--- TO DO ---
Having found the line containing "La sua è una" in the records below, copy that line and each later one exactly, dropping pictures.

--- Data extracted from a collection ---
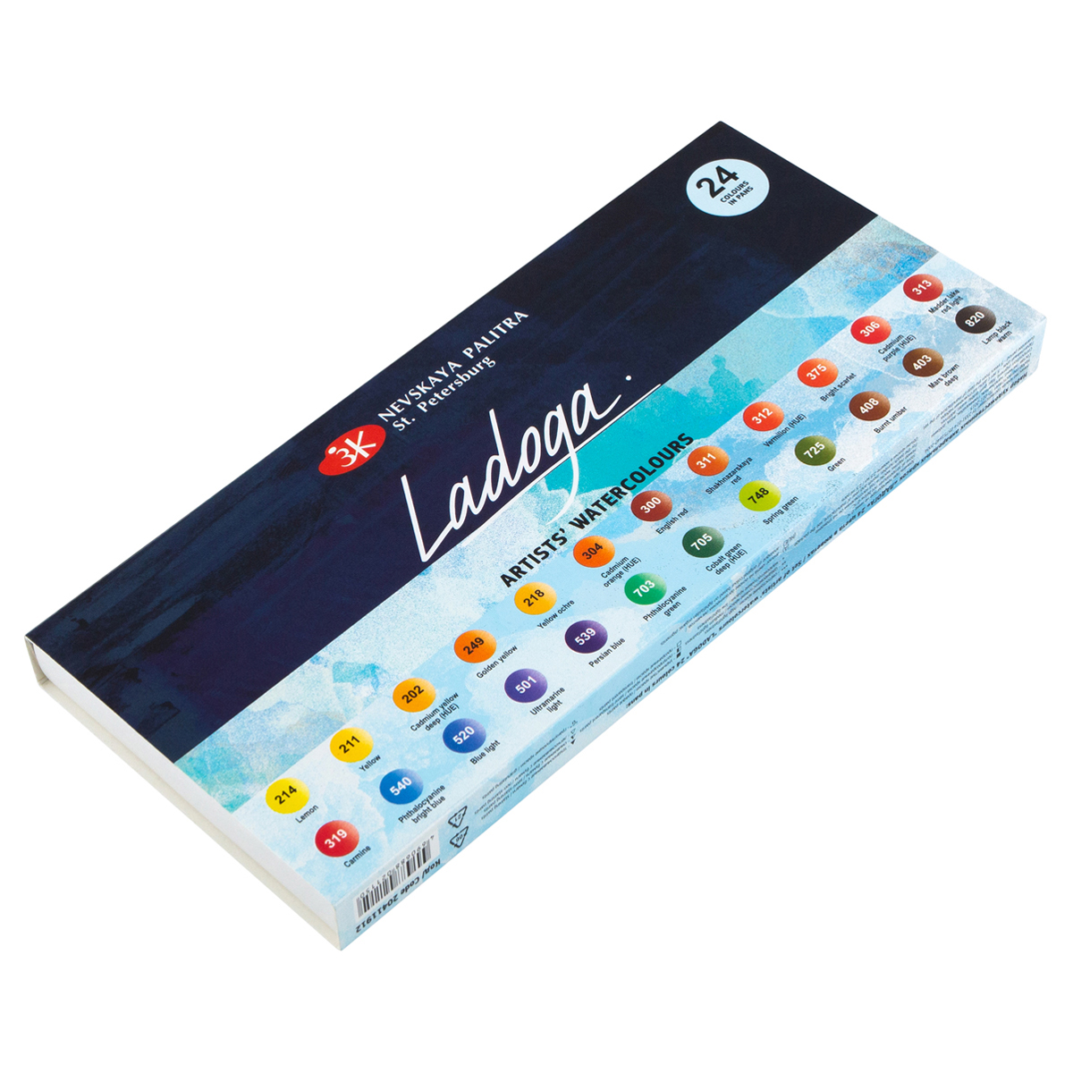 Акварель Ладога, художественная, 24цв., кюветы, картон
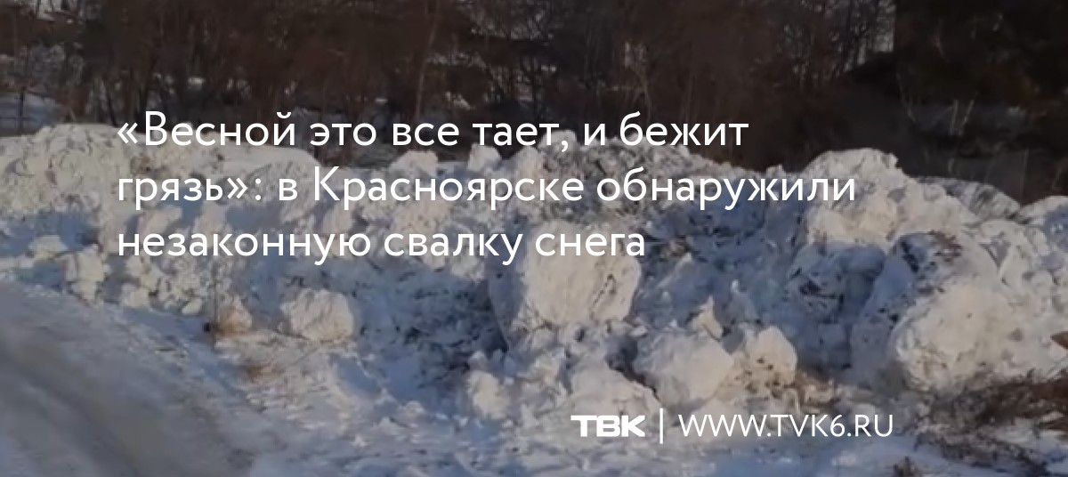 Как «ТВК Красноярск» пояснили в департаменте городского хозяйства, в черте города действительно есть 11 официальных мест, куда свозят снег с улиц, однако свалка, которая попала на видео, незаконная. Информацию о ней уже передали в администрацию Центрального района, там пообещали провести проверку и привлечь предпринимателя к ответственности.
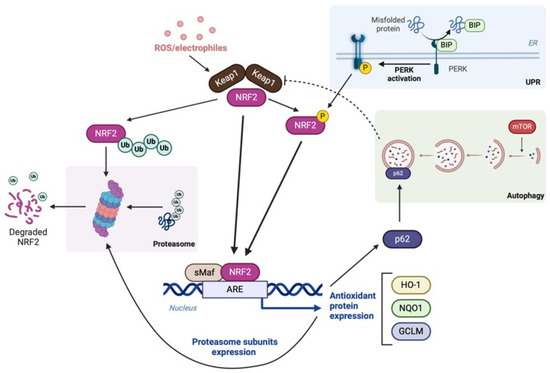 Schematic overview of the NRF2 interaction mechanisms with the unfold protein response (UPR), the mTOR/autophagy pathways and the ubiquitin-proteasome system (UPS). See details in the text (created with BioRender, Toronto, ON, Canada).
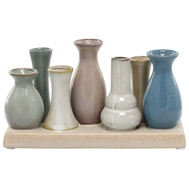 Härligt dekorationsfat prydd av sju vaser i olika former och färger som sitter fast på fatet.
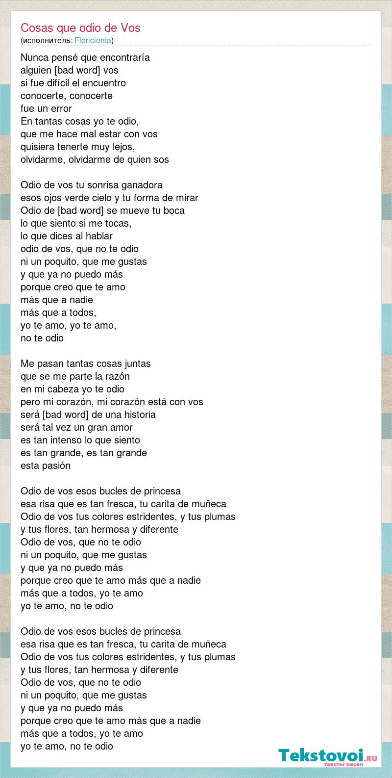 Nunca pensé que encontraría alguien distinto como vos si fue difícil el encuentro conocerte, conocerte fue un error En tantas cosas yo te odio, que me hace mal estar con vos quisiera tenerte muy lejos, olvidarme, olvidarme de quien sos Odio de vos tu sonrisa ganadora esos ojos verde cielo y tu forma de mirar Odio de vos como se mueve tu boca lo que siento si me tocas, lo que dices al hablar odio de vos, que no te odio ni un poquito, que me gustas y que ya no puedo más porque creo que te amo más que a nadie más que a todos, yo te amo, yo te amo, no te odio Me pasan tantas cosas juntas que se me parte la razón en mi cabeza yo te odio pero mi corazón, mi corazón está con vos será el comienzo de una historia será tal vez un gran amor es tan intenso lo que siento es tan grande, es tan grande esta pasión Odio de vos esos bucles de princesa esa risa que es tan fresca, tu carita de muñeca Odio de vos tus colores estridentes, y tus plumas y tus flores, tan hermosa y diferente Odio de vos, que no te odio ni un poquito, que me gustas y que ya no puedo más porque creo que te amo más que a nadie más que a todos, yo te amo yo te amo, no te odio Odio de vos esos bucles de princesa esa risa que es tan fresca, tu carita de muñeca Odio de vos tus colores estridentes, y tus plumas y tus flores, tan hermosa y diferente Odio de vos, que no te odio ni un poquito, que me gustas y que ya no puedo más porque creo que te amo más que a nadie más que a todos, yo te amo yo te amo, no te odio
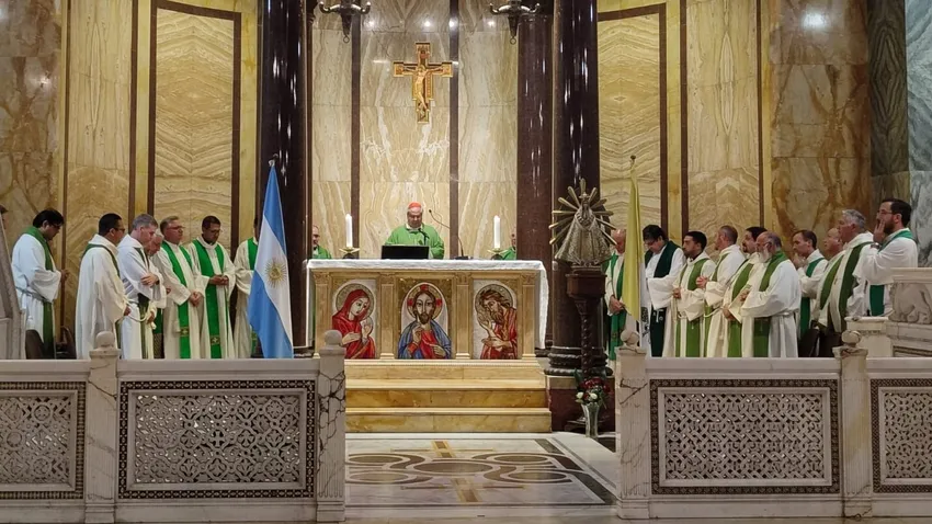 Primera misa del cardenal en la Iglesia de los argentinos de Roma
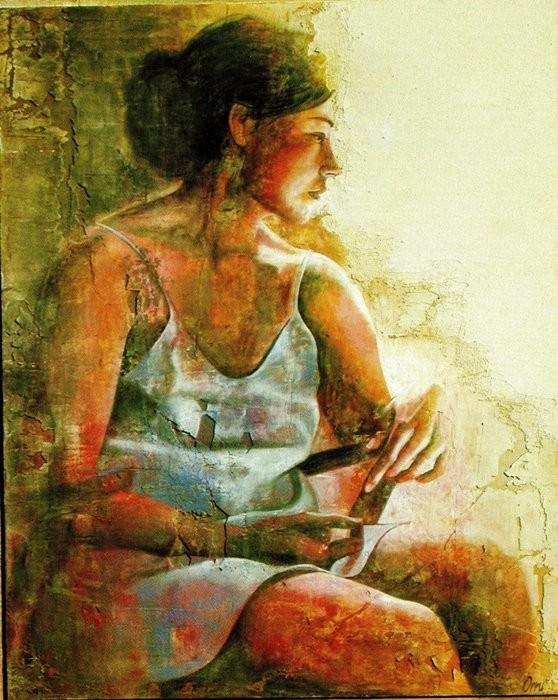 La sua è una pittura di immagine, nudi, corpi, volti di donna, spesso intercalati con decorazioni, vasi antichi, nature morte e paesaggi. Un gioco di trasparenze e “graffi”, un equilibrio di rapporti volumetrici e luministici, che danno vita a composizioni cariche di suggestione, raccoglimento mistico, a volte pervase da un sottile erotismo.
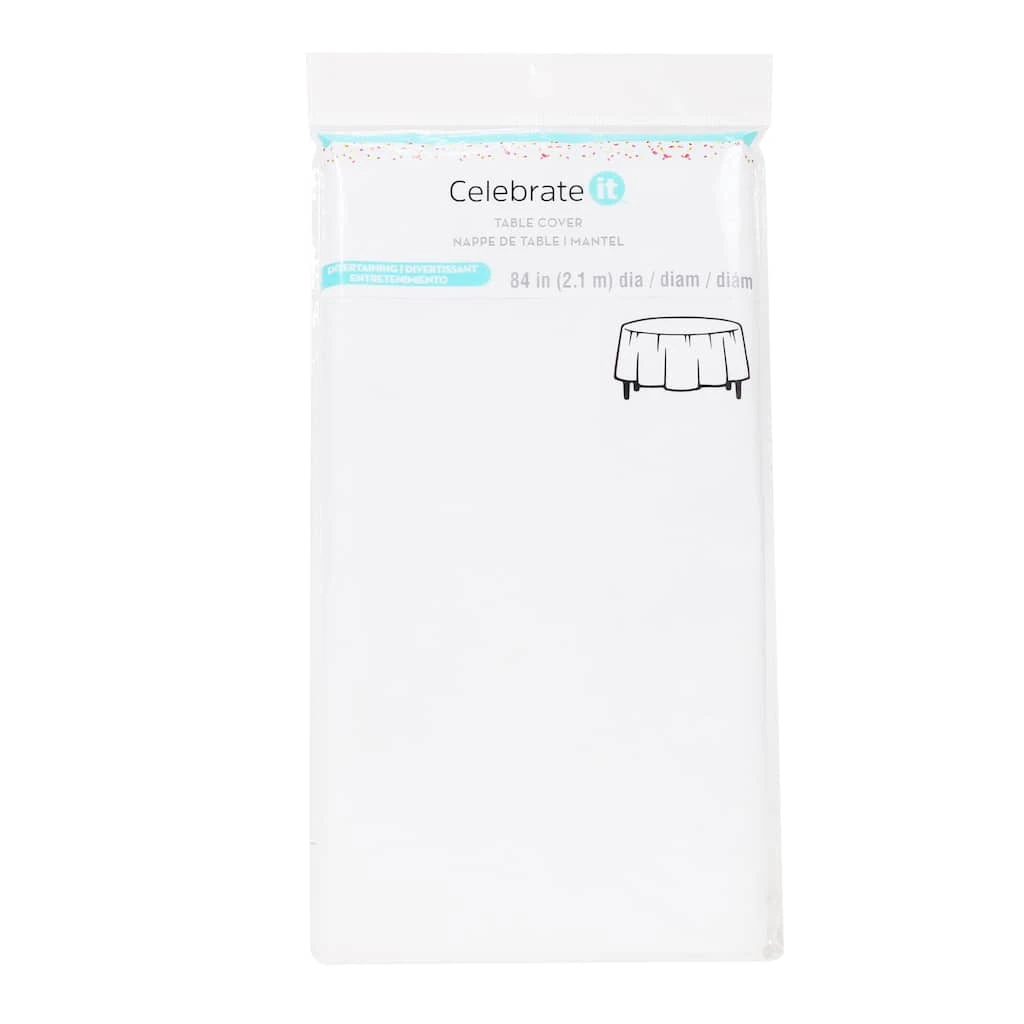 You can complement your stylish, contemporary home décor with this white table cover by Celebrate It. Metallic plates, cutlery, flower vases, and candle votives will stand out beautifully on this plain, round cover.

--- TASK SOLUTION ---
 La sua è una pittura di immagine, nudi, corpi, volti di donna, spesso intercalati con decorazioni, vasi antichi, nature morte e paesaggi. Un gioco di trasparenze e “graffi”, un equilibrio di rapporti volumetrici e luministici, che danno vita a composizioni cariche di suggestione, raccoglimento mistico, a volte pervase da un sottile erotismo.
 You can complement your stylish, contemporary home décor with this white table cover by Celebrate It. Metallic plates, cutlery, flower vases, and candle votives will stand out beautifully on this plain, round cover.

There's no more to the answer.